Capitolo VIII – Lilly in questura
Lilly, o meglio Angela, viene condotta in questura e medicata a un ginocchio per una ferita lacero-contusa, procuratasi nel tentativo di aggrapparsi a una piantina di capperi sul muro dell’Eden.
Ripresasi, viene portata davanti alla scrivania dell’ispettore Volpicelli.
“Voglio sapere tutto: perché Bruno, il marito di tua sorella, ti accompagnava? Chi ha portato il cadavere in via Erbosa da Poggio Bagnoli? Non voglio reticenze!” esordì Edoardo, poi incalzò: “Guarda che non esci di qui finché non mi chiarisci tutto!”

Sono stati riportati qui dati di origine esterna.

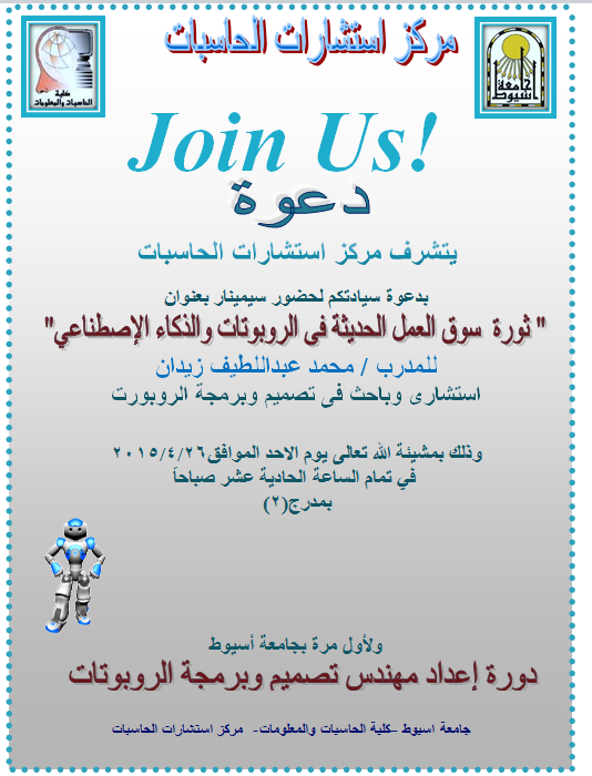 "Recent labor market revolution in robotics and artificial intelligence."Coach / Mohammed Abdul Latif ZidaneConsultant and researcher in the design and programming AlrobortThat runway (2) on Sunday, 04.26.2015 time (11:00)For the first time at the University of AssiutPreparation of design and programming robots engineer cycle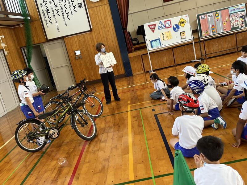 5月23日、交通安全教育講習員や市民活動政策課、八代市安全協会の指導者、計6名の方々に来校いただき、交通教室を開催しました。写真は3年生のようすです。今年は検定試験がありますね。それまでには自転車に乗れるようにしておきましょう!

Lilly, con il ginocchio scoperto su cui teneva una pezza di cotone imbevuta di alcool, lasciava intravedere il bordo delle calze e il bottone del reggicalze nero. Teneva il viso basso rispetto al suo interlocutore, ma si notava ancora una bellezza intrigante e seducente, accentuata da un trucco appariscente, seppur non volgare. Il golfino e la blusetta la ringiovanivano, nonostante i suoi 36 anni.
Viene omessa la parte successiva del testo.